El sábado 24 de febrero, tuvo lugar en Madrid el Congreso “La Iglesia y la Educación. Presencia y compromiso”. Al evento, organizado por la Comisión Episcopal para la Educación y Cultura, asistieron 1. 200 personas relacionadas con este ámbito. Inaugurado por el presidente de la Conferencia Episcopal Española y Arzobispo de Barcelona, Cardenal Juan José Omella y por el presidente de la Comisión correspondiente y Obispo de Lugo, Mons. Alfonso Carrasco Rouco, contó con varias ponencias, entre ellas, la del Cardenal José Tolentino, Prefecto del Dicasterio para la Cultura y la Educación. Hubo también varios paneles y, sobre todo, resonó el Mensaje del Papa Francisco.
En él, el Santo Padre recordaba que “la misión educativa de la Iglesia permanece a lo largo de los siglos”. Redundando en esta idea, la profesora Consuelo Flecha ponía de manifiesto que la Iglesia ha sido pionera al abordar este servicio a la sociedad. Ya en la alta Edad Media, “en las escuelas externas de los monasterios se atendía a una población sin otra posibilidad de acceso a recursos culturales”. Además, “la Iglesia ha estado presente en el nacimiento de las universidades a la vez que las órdenes religiosas crearon instituciones educativas propias”. Por su parte, el profesor Fernando M. Reimers ponía de manifiesto que la primera escuela pública y gratuita abierta a todos fue establecida por José de Calasanz en Italia y por Juan Bautista de la Salle en Francia.
Como se ve, la preocupación de la Iglesia por la educación viene de lejos, en contraste con el Estado que, hasta finales del siglo XVIII no comenzó a plantearse su papel en el fomento y sostenimiento de la Enseñanza.

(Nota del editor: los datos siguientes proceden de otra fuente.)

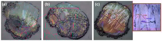 Park et al. reported the tuning of crystal alignment and grain boundaries by applying an Ar gas injection method and studied the correlation between grain boundaries and charge transport [158]. The TIPS pentacene solution was deposited onto a polyvinylphenol substrate and was applied with the Ar gas flow to promote crystallization. Figure 5 shows the different Ar gas flow rates, including (a) at 300 sccm, (b) at 500 sccm, and (c) at 1000 sccm, which resulted in TIPS pentacene thin-film morphology with different crystal alignment and grain boundaries. The thin-film morphology of TIPS pentacene was shown to depend significantly on the Ar gas flow rate during deposition. At a lower flow rate of 300 sccm, there was no clear correlation between crystal alignment and the flow direction. When the flow rate increased to 500 sccm, partial alignment of the crystals along the flow direction was observed. At the highest flow rate of 1000 sccm, the elongated crystal grains became fully aligned with the direction of the Ar gas flow. This demonstrates the effectiveness of controlled gas flow in modulating crystal alignment and improving the uniformity of thin-film morphology. When the Ar gas flow was in parallel with the direction from source to drain contact electrode, the resultant grain boundaries were also parallel with the current direction, yielding a high mobility of 0.53 ± 0.02 cm2/Vs. In contrast, when the grain boundaries were perpendicular to the flow direction, a much lower mobility of 0.06 ± 0.02 cm2/Vs was obtained because the grain boundaries blocked the current flow.

A partir de ese momento, los colegios católicos tuvieron que asumir los objetivos y las condiciones marcadas por los gobiernos. A partir de entonces, brotaron la desconfianza, las descalificaciones, el distanciamiento entre las dos instancias de poder, síntomas que todavía perduran y se exacerban por momentos, sobre todo por la intervención de aquellos que, ignorando la historia y calificando a las entidades educativas de iniciativa cristiana en entidades de interés privado, quieren convertir la enseñanza en patrimonio exclusivo del Estado.

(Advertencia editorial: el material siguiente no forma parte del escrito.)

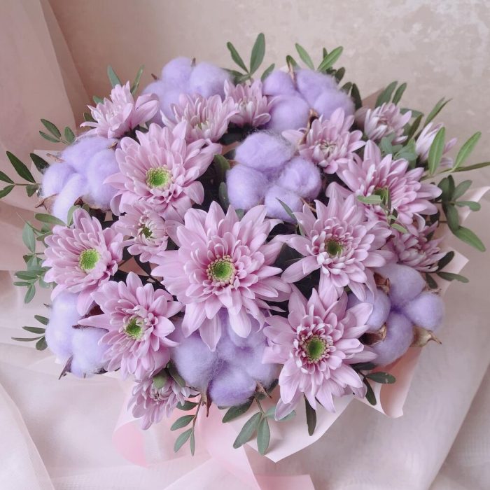 Хлопок – 7 шт.Хризантема кустовая – 3 шт.Коробка шляпная – 1 шт.листья фисташки – 1 шт.инструкция по уходу за цветами – 1 шт.любовь флориста – 1 шт.

Dice el Concilio Vaticano II que “todos los hombres, de cualquier raza, condición y edad, en cuanto participantes de la dignidad de la persona, tienen el derecho inalienable de una educación” (GE 1). En esta misma línea, el Santo Padre nos recordaba también en su Mensaje que la educación es un derecho del que nadie debe estar excluido, y hacía alusión a tantos niños y jóvenes sin acceso a la educación en diversas partes del mundo sometidas a la opresión, la violencia y la guerra. Pero, sobre todo, el Papa presentaba la educación enraizada en una gran esperanza que brota del Evangelio. Los cristianos percibimos la llamada de Dios a apoyar en el crecimiento integral a los pequeños, a ensanchar el horizonte de sus posibilidades de cambio personal y a favorecer su necesaria aportación al bien común y a la renovación de la sociedad, ya que, “la generación de relaciones de justicia entre los pueblos, la capacidad de solidaridad con los necesitados, y el cuidado de la casa común pasarán por el corazón, la mente y las manos de quienes hoy son educados”.
Repetidamente, el Papa Francisco nos ha recordado la urgencia educativa del momento y la necesidad de un pacto educativo global que ponga en el centro a la persona. Fieles a la tradicional apuesta de la Iglesia por este servicio, debemos considerarlo, en palabras del Cardenal Tolentino, como “una de las misiones más importantes de la Iglesia”. Uno mi voz a la del Papa para mostraros a todos los que trabajáis en este apasionante mundo, mi gratitud y apoyo. Que Dios os lo pague.